Now, in our world, somehow nobody started to care about the biggest and smallest trades and their inclusion in OHLC data, while this is actually natural. It’s the same way as it’s done with high & low and open & close: we choose the minimum and maximum value of a given feature/axis within the aggregation period.
So, we don’t have these 2 values: biggest and smallest ticks. The best we can do is infer them, and given the fact the biggest and smallest ticks can be located with the same probability everywhere, all we can do is predict them in the middle of the bar, both in time and price axes. That’s why you can see two HL2’s in each of the 3 formulas in the code.
So, summed up absolute volumes that you see in almost every trading platform are actually just a derivative metric, something that I call Type 2 time series in my own (proprietary ‘for now’) methods. It doesn’t have much to do with market orders hitting the non-uniform medium (aka order book); it’s more like a statistic. Still wanna use VWAP? Ok, but you gotta understand you’re weighting Type 1 (natural) time series by Type 2 (synthetic) ones.
How to combine all the data in the right way (khmm khhm ‘order’)

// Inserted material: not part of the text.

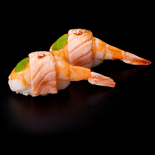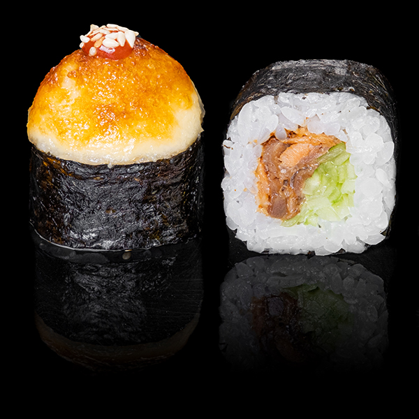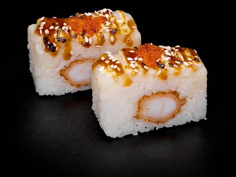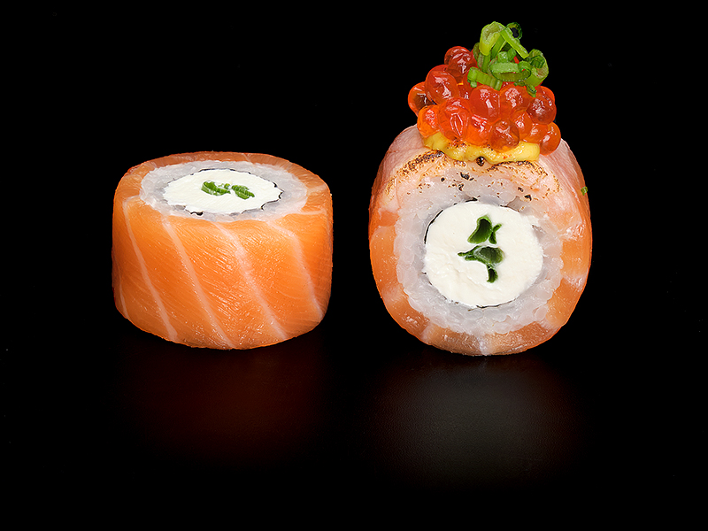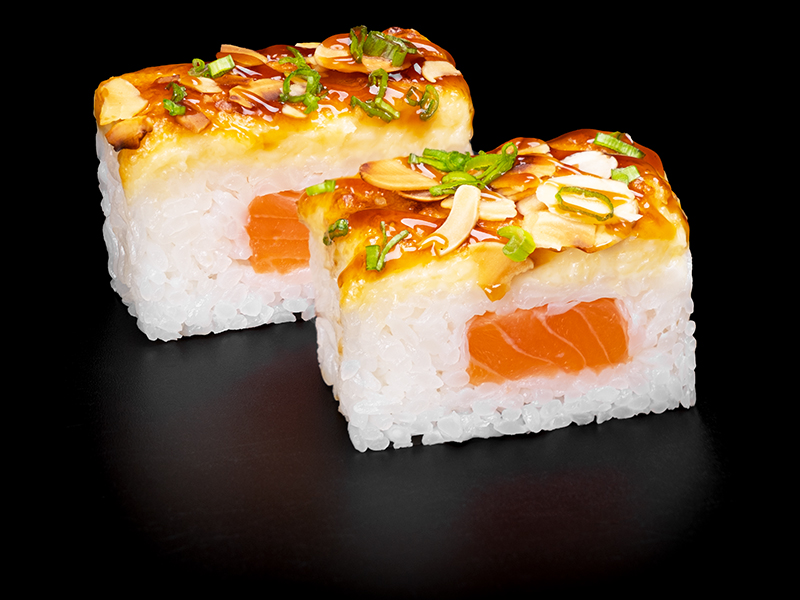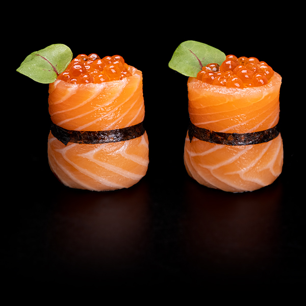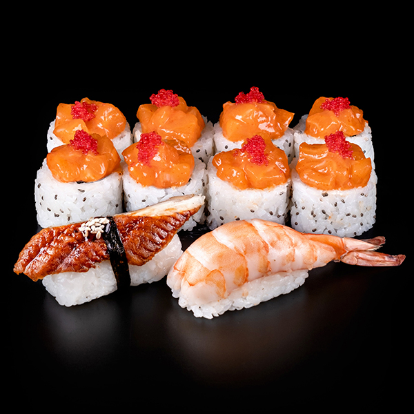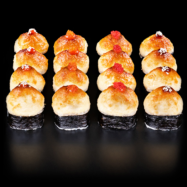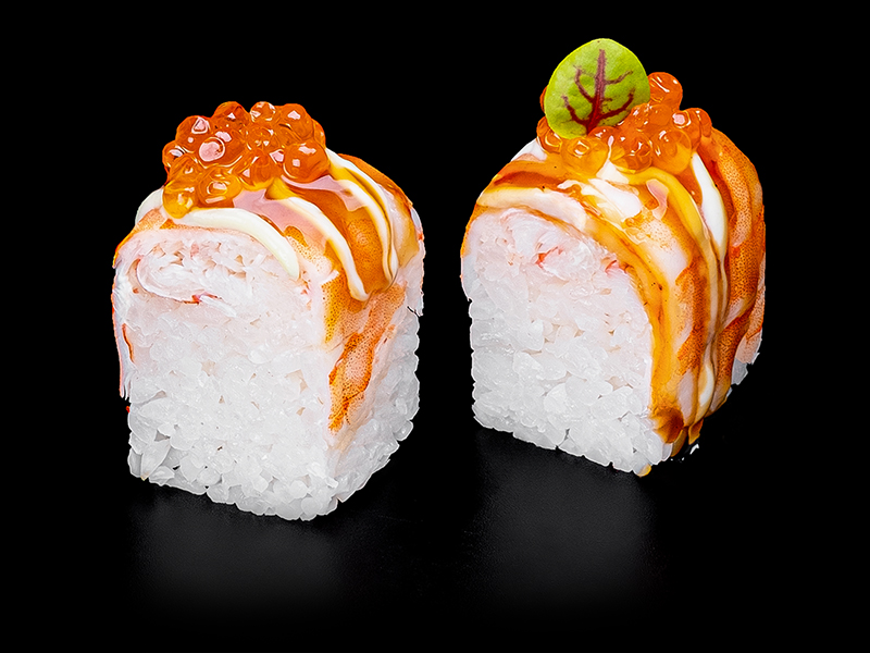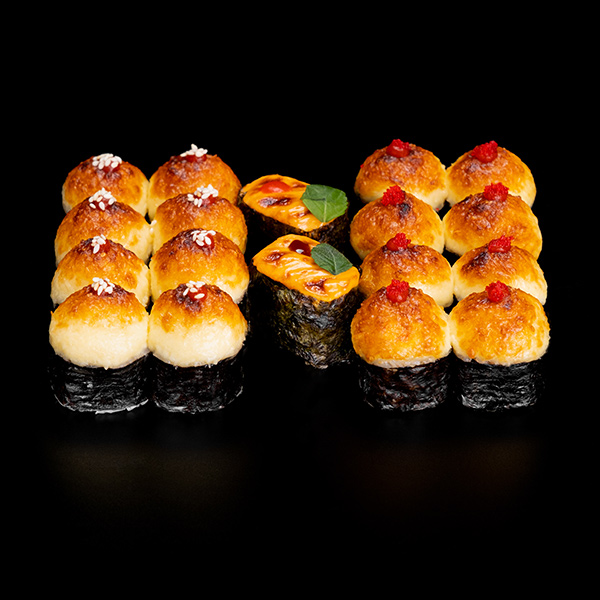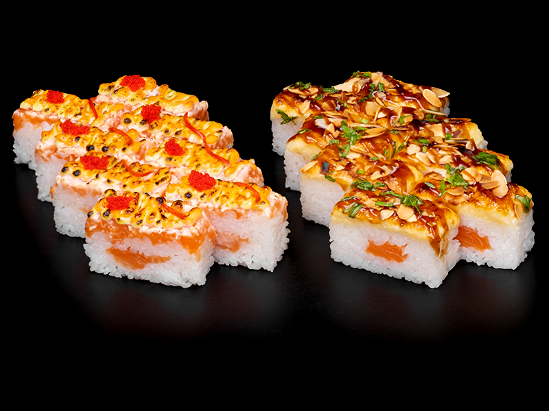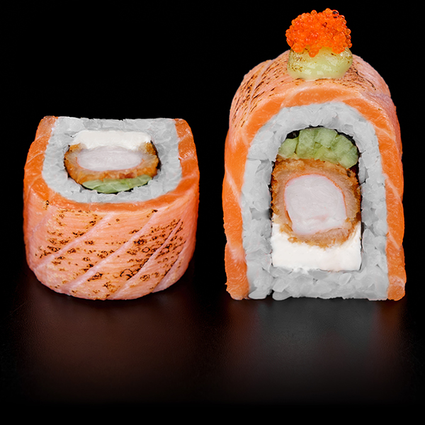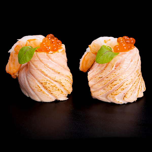 Опалённый фарерский лосось в восхитительном сочетании с тигровой креветкой. Внутри спрятано облако отборного японского риса и фирменный соус Васабико. Венчает это великолепие икра лосося и микрозелень, 5 шт.

Now, since we have 6 values for each bar, let’s see what information we have about them, what we don’t have, and what we can do about it:
- Open and close: we got both when and where (time (order) and price);
- High and low: we got where, but we don’t know when;
- Biggest & smallest trades: we know shit, we infer it the way it was described before.'
By using the location of the close & open prices relative to the high & low prices, we can make educated guesses about whether high or low was made first in a given bar. It’s not perfect, but it’s ultimately all we can do—this is the very last bit of info we can extract from the data we have.
There are 2 methods for inferring volume delta (which I call simply volume) that are presented everywhere, even here on TradingView. Funny thing is, this is actually 2 parts of the 1 method. I wonder how many folks see through it xD. The same method can be used for both inferring volume delta AND making educated guesses whether high or low was made first.
Imagine and/or find the cases on your charts to understand faster:
* Close > open means we have an up bar and probably the volume is positive, and probably high was made later than low.
* Close < open means we have a down bar and probably the volume is negative, and probably low was made later than high.
Now that’s the point when you see that these 2 mentioned methods are actually parts of the 1 method:
If close = open, we still have another clue: distance from open/close pair to high (HC), and distance from open/close pair to low (LC):
* HC < LC, probably high was made later.
* HC > LC, probably low was made later.
And only if close = open and HC = LC, only in this case we have no clue whether high or low was made earlier within a bar. We simply don’t have any more information to even guess. This bar is called a neutral bar.
At this point, we have both time (order) and price info for each of our 6 values. Now, we have to solve another weighted average problem, and that’s it. We’ll weight prices according to the order we’ve guessed. In the neutral bar case, open has a weight of 1, close has a weight of 3, and both high and low have weights of 2 since we can’t infer which one was made first. In all cases, biggest and smallest ticks are modeled with HL2 and weighted like they’re located in the middle of the bar in a time sense.
P.S.: I’ve also included a "robust" method where all the bars are treated like neutral ones. I’ve used it before; obviously, it has lesser info gain -> works a bit worse.